In truth, I was twisting them, because I wanted to pick a fight with him. Not about that old fiasco of American imperialism, but about a horrendous new war he had so far refused to notice, despite my own very public words on the subject. My friends had been dying of AIDS for four years, ignored by Reagan, and shunned on a daily basis because of a horror they had never seen coming. The shamer-in-chief was Senator Jesse Helms, whose fund-raising and propagandizing arm, the National Congressional Club, was operated out of my father’s law firm by one of his partners. Thousands of direct-mail flyers flew out of that office every week. Helms had most recently tried to destroy a Senate bill meant to provide desperately needed funding for New York’s Gay Men’s Health Crisis. “We have got to call a spade a spade,” Helms said, “and a perverted human being is a perverted human being.”
Had my father thought of his own son, even briefly, when he heard those words?
Did it bother him that he never came to my defense, never told ol’ Jesse that enough was enough? Was he at all ashamed about that?
Maybe he cringed at Zumwalt’s candor about Agent Orange because it suggested that a father’s love for his son was more important than anything else.
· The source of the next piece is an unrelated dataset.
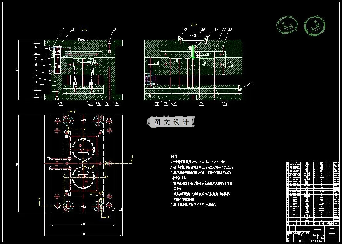 本文研究的是闹钟后盖的注塑成型模具设计。在本次模具毕业设计中首先根据指导老师所提供的实物,绘制出闹钟后盖三维图,通过分析它结构复杂程度以及尺寸精度要求来设计合理的模具方案,接着对产品的塑料原材料进行了选择并做出分析,初选了注塑机型号为XS-ZY-250。由于产品有装配要求,尺寸精度要求比较高,型腔数目决定采用一模两腔结构,型腔排布采用一字型排列方式,本次设计分型面位置选在了沿着产品底面形成的最大轮廓面处,由于产品表面要求不高,所以选择了侧浇口浇口类型,本次设计的脱模机构选择了推杆脱模方式。由于产品上存在两处倒扣结构,还需要为模具产品成型设计抽芯机构,为了保证产品的成型质量缩短冷却成型时间为模具设计了合适的冷却系统,最后对注塑机几个主要参数进行了校核。1129145

WHEN I GOT back to Chau Doc from Cambodia, Oly had already returned to the States. He had been standing twelve-hour watches in the radio bunker in my absence. I wrote him up for several medals, since he certainly deserved them. I didn’t see him for another thirty years, when he showed up at the start of a new millennium with his pretty wife at a northern California book-signing for The Night Listener. He looked much the same—round-faced and smiling and blond, or at least silver reminiscing as blond. He ran a food brokerage company, which I took to be successful, since he lived in a gated community in the East Bay. I was stunned to see him again, and all the more so when he reached into his pocket and pulled out a couple of ribboned medals, holding them out to me with a sheepish smile.